SUPPLIED INFORMATION:
════════════════

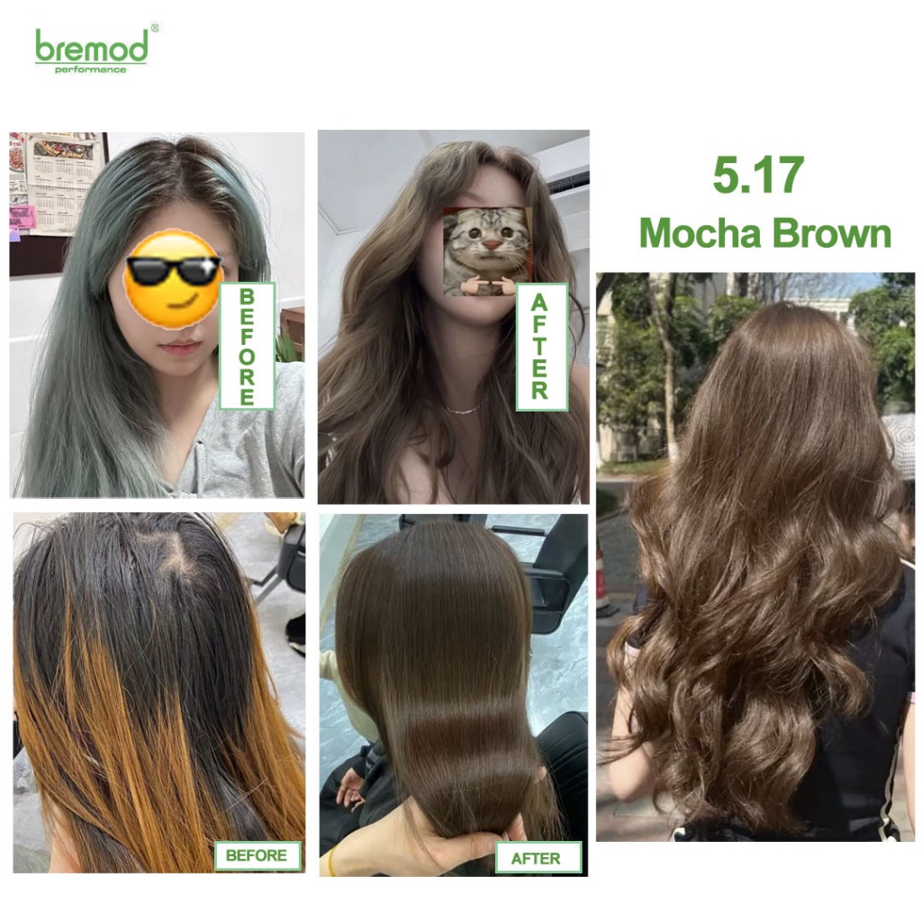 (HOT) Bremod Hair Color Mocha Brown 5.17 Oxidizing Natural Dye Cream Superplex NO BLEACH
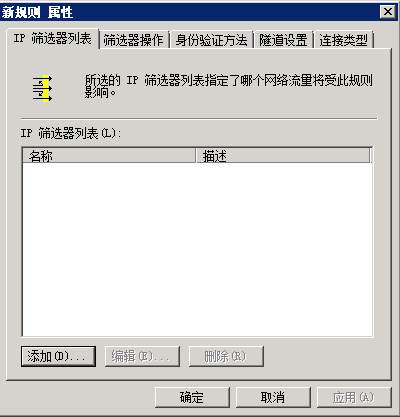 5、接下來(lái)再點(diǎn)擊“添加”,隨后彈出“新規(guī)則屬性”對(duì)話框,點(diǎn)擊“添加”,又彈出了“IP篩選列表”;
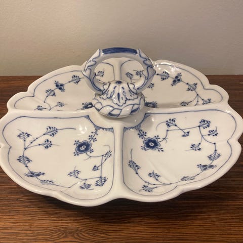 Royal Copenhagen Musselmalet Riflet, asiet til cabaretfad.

════════════════

PROBLEM TO WORK ON: All lines above must be repeated exactly, and the pictures must be omitted.

WRITTEN REPLY:
 (HOT) Bremod Hair Color Mocha Brown 5.17 Oxidizing Natural Dye Cream Superplex NO BLEACH
 5、接下來(lái)再點(diǎn)擊“添加”,隨后彈出“新規(guī)則屬性”對(duì)話框,點(diǎn)擊“添加”,又彈出了“IP篩選列表”;
 Royal Copenhagen Musselmalet Riflet, asiet til cabaretfad.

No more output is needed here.